Total Hardness ≈ 350 mg/l as calcium carbonate. Although slightly higher than the recommended range for this test, it is not considered to have had any significant effects on the results of the test.

Test temperature:

14 ±1C

pH:

pH: 8.2 - 8.5

Dissolved oxygen:

>9.6 mgO2/l

Salinity:

Sodium content: 43.8 mg/l

Nominal and measured concentrations:

Anticipated test concentrations: 1.0, 1.8, 3.2, 5.6, 10 and 18 mg/l
Measured test concentrations: 0.76, 1.3, 2.5, 4.6, 7.7 and 14 mg/l

Details on test conditions:

TEST SYSTEM
- Test vessel: Glass aquaria holding 20 l of test media
- Renewal rate of test solution (frequency/flow rate): Medium renewed daily
- No. of organisms per vessel: 10
- No. of vessels per concentration (replicates):two
- No. of vessels per control (replicates): two
- Biomass loading rate: 0.86 g bodyweight/ litre


TEST MEDIUM / WATER PARAMETERS
- Source/preparation of dilution water: deionised laboratory water
- Total organic carbon: mean 4.52 mg/l
- Particulate matter: No information
- Metals: No information
- Pesticides: No information
- Chlorine: mean 0.09 mg/l
- Alkalinity: mean 215.22 mg/l (calcium carbonate)
- Ca/mg ratio: mean Ca: Mg ratio = 16:1
- Conductivity: mean 905.31
- Culture medium different from test medium: No information
- Intervals of water quality measurement: 3 monthly intervals.


OTHER TEST CONDITIONS
- Adjustment of pH: no adjustment
- Photoperiod: 16 h light : 8 h dark
- Light intensity: no information


EFFECT PARAMETERS MEASURED (with observation intervals if applicable) : Observations made at intervals of 3, 6, 24, 48, 72 and 96 hours

Reference substance (positive control):

no

Results and discussion

Details on results:

- Behavioural abnormalities: Increased pigmentation at dose levels 4.6, 7.7 and 14 mg/l plus lethargy at the two highest dose levels
- Observations on body length and weight: no information
- Other biological observations: no further observations reported
- Mortality of control: None
- Other adverse effects control: None reported
- Abnormal responses: None reported
- Any observations (e.g. precipitation) that might cause a difference between measured and nominal values: None reported
- Effect concentrations exceeding solubility of substance in test medium: None reported

Results with reference substance (positive control):

No positive control data are included

Reported statistics and error estimates:

None reported

Any other information on results incl. tables

Sublethal observations / clinical signs:

Time (h)	LC 50 (mg/l)	95% Confidence Limits (mg/l)
3	>14	-
6	>14	-
24	11	9.3 - 14
48	7.4	6.0 - 9.2
72	7.0	5.8 - 8.5
96	5.5	4.3 - 7.0

The LC50 values were calculated from the 0 hour measured test concentrations since the material has been shown to be stable in water over a 24 hour period. Chemical analysis was not conducted on the '18 mg/l' concentration since, routinely, only five test concentrations were analysed. However, the same test solution was used in the concurrent acute toxicity to Daphnia study and, for this study, a value of 14 mg/l was determined by chemical analysis. This value is identical to that obtained by calculation based on known concentrations of the resulting test series for the acute toxicity to trout test.
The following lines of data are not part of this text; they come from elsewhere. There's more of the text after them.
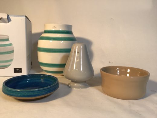 Vase H: 20 cm., Stage H: 13,5 cm., skål H: 6 cm., askebæger Ø: 13,5 cm.
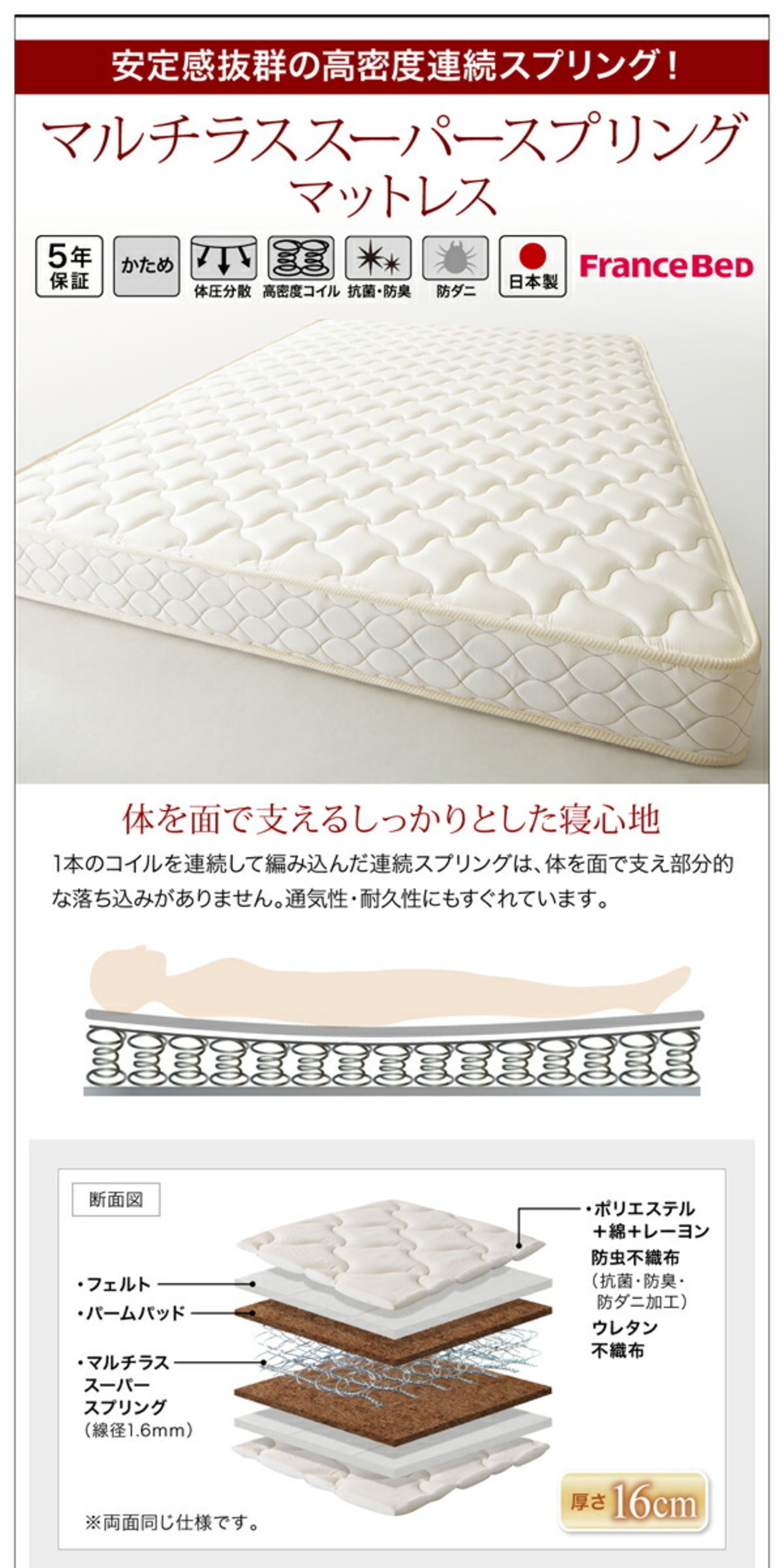 薄型スタンダードボンネルコイルマットレス付き 縦開き シングル 深さラージ 組立設置付
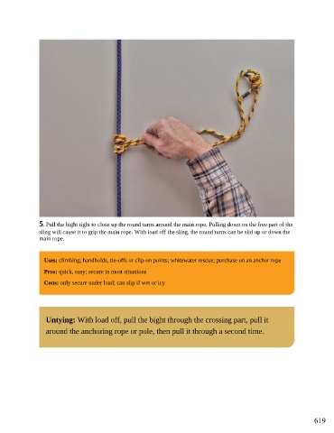 sling will cause it to grip the main rope. With load off the sling, the round turns can be slid up or down the
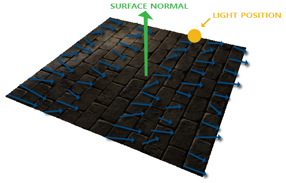 这会是一种偏蓝色调的纹理(你在网上找到的几乎所有法线贴图都是这样的)。这是因为所有法线的指向都偏向z轴(0, 0, 1)这是一种偏蓝的颜色。法线向量从z轴方向也向其他方向轻微偏移,颜色也就发生了轻微变化,这样看起来便有了一种深度。例如,你可以看到在每个砖块的顶部,颜色倾向于偏绿,这是因为砖块的顶部的法线偏向于指向正y轴方向(0, 1, 0),这样它就是绿色的了。

Applicant's summary and conclusion

Validity criteria fulfilled:

yes

Conclusions:

The 96 hour LD50 to fish of the test substance is 5.5 mg/l

Executive summary:

The acute toxcity to fish study was conducted with rainbow trout under semi-static conditions and with analysis provided by HPLC with a UV-visible detector. Conducted over a 96-hour exposure period, the test substance achieved a LD₅₀ of 5.5 mg/l. On the basis of this result, the substance is considered to be classified as toxic to aquatic organisms.